Берестов посмотрел на часы, сказал:
— Можно, наверное… Во всяком случае, буфет уже должен работать. Пойдем, заправимся?
— А как же эти твои пришельцы? — Старыгин кивнул подбородком на стеллажи. — Пока ты будешь заправляться, они фьють — и просвистели мимо…
— Не просвистят. Думаешь, мы одни бодрствуем? Как же… Эфир сейчас слушает все Ожерелье.
— Тогда пошли.
Они покинули тесную, пропахшую озоном комнату, спустились по широкой лестнице на первый этаж, где за стеклянной дверью призывно сияли огни буфета. Старшего научного сотрудника Берестова в буфете узнавали, как-никак — начальство. Не успели они со Старыгиным расположиться за высоким круглым столиком, а к ним уже спешила буфетчица Клава, гордо неся перед собой выдающийся бюст, о коем в Сырых Ключах слагали баллады. Правда, малопристойные.
— Клавочка, звездочка ты моя первой величины, нам бы кофию с бутербродами, — воззвал к ней астрофизик.
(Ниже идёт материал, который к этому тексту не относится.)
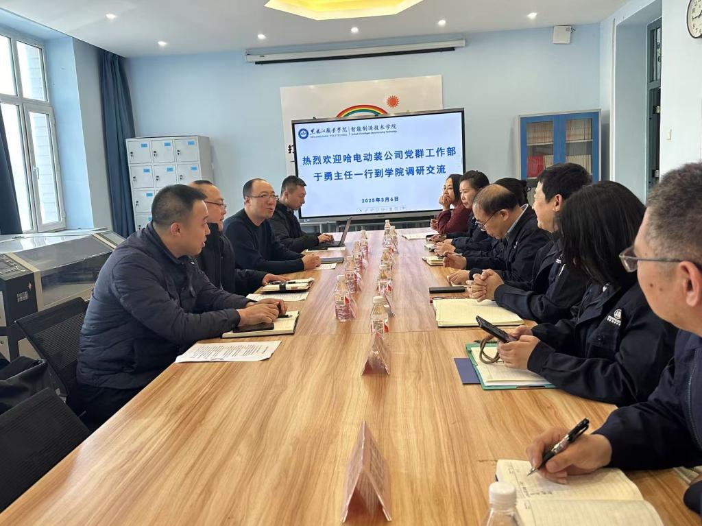 3月6日,哈尔滨电气动力装备有限公司(简称“哈电动装”)党群事业部副主任于勇、刘锋等一行四人到分院开展调研座谈。双方就深化产教融合机制、创新人才培养模式、开展定制化员工培训等工作达成多项共识。分院院长李子峰、党总支副书记李焕然、副院长于雪梅、鲍敏及数控技术等团队主任参加座谈。
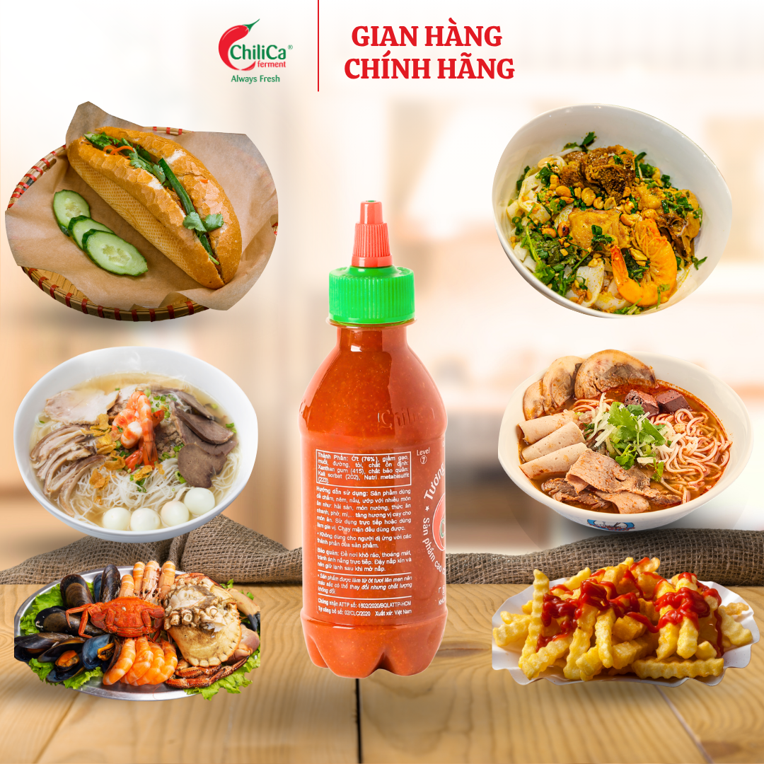 - Phù hợp với mọi món ăn, chay mặn đều dùng được. Hãy thử và cảm nhận! Tương Ớt và Ớt Bằm Chilica được làm từ 100% ớt chỉ thiên chọn lọc, trải qua quá trình lên men tự nhiên kết hợp với công nghệ sản xuất hiện đại, đáp ứng các tiêu chuẩn về vệ sinh an toàn thực phẩm, tạo ra sản phẩm có hương vị đặc biệt thơm ngon, phù hợp với mọi bữa ăn trong gia đình. Tương Ớt và Ớt Bằm Chilica không sử dụng chất tạo màu, tạo mùi, tạo cay, chất độn....Từ khâu đầu tiên đến khâu cuối cùng đều được tự động hóa, giảm thiểu tối đa sự tác động của con người. Chua cay mê ngay: Tương Ớt và Ớt Bằm Chilica là sự kết hợp hài hòa của những nguyên liệu tốt và tự nhiên nhất như: ớt chỉ thiên, giấm, đường, muối... Ớt sau khi xay được đưa vào ủ lên men tự nhiên nên có mùi thơm, vị chua cay thanh rất dễ chịu;đáp ứng mọi tiêu chuẩn khắt khe cũng như khẩu vị của người sành ăn.

— Кофе черный? С молоком? С сахаром? — немедля осведомилась обладательница баснословного декольте.
Берестов вопросительно посмотрел на приятеля.
— Мне с молоком и с сахаром, — отозвался тот. — А бутерброды — с сыром.
— Ну а мне — как всегда.
Клава кивнула, развернулась, величественная, словно каравелла, и, чуть кренясь на правый борт, отправилась к стойке.
— Понимаешь, Гелька, — сказал Старыгин. — Тебе как ученому все эти внеземные цивилизации, пришельцы, контакты — только в радость. Еще бы! Расширение познания, возможность взглянуть на себя со стороны, и тому подобное…
— А тебе не в радость?
— Нет! — отрезал госбезопасник. — Никому из людей ответственных не в радость.
— По-твоему, я человек безответственный и не понимаю всей сложности проблемы Контакта?
— Не цепляйся к словам. Выслушай!
— Мальчики, не ссорьтесь, — проворковала Клава, возвращаясь с подносом, уставленным кофейными приборами и тарелками со снедью. — Приятного аппетита!
«Мальчики» благодарно буркнули, прожигая друг дружку взглядами. Сонливость с них как рукой сняло и без всякого кофе.
— Ладно, давай свою теодицею.
— Сложность сложности рознь, — сказал Старыгин. — Для тебя сложность в физиологических, психических, интеллектуальных различиях между нами и пришельцами, а для меня в том, что они технологически превосходят нас на несколько порядков…
— Опасаешься развития сценария по господину Уэллсу? Борьба миров и прочее…
— Во всяком случае, не могу исключить такую возможность, — не принял его сарказма госбезопасник. — Даже если намерения у них сугубо мирные, а на борту нет никакого вооружения, сам факт, что пришельцы способны преодолеть как минимум несколько парсек, несет в себе немалую угрозу для нас.
— Какую же? Поясни!
— Я не знаю, какой тип двигателя они используют, но, допустим, фотонный, о котором сейчас много пишут. Представь, что мы им чем-то не понравились и они решили нас наказать, а оружия у них, как мы условились, нет. Так вот, разворачиваются они к нам фотонным своим отражателем и стартуют прямехонько с круговой орбиты. Что тогда произойдет, товарищ астрофизик?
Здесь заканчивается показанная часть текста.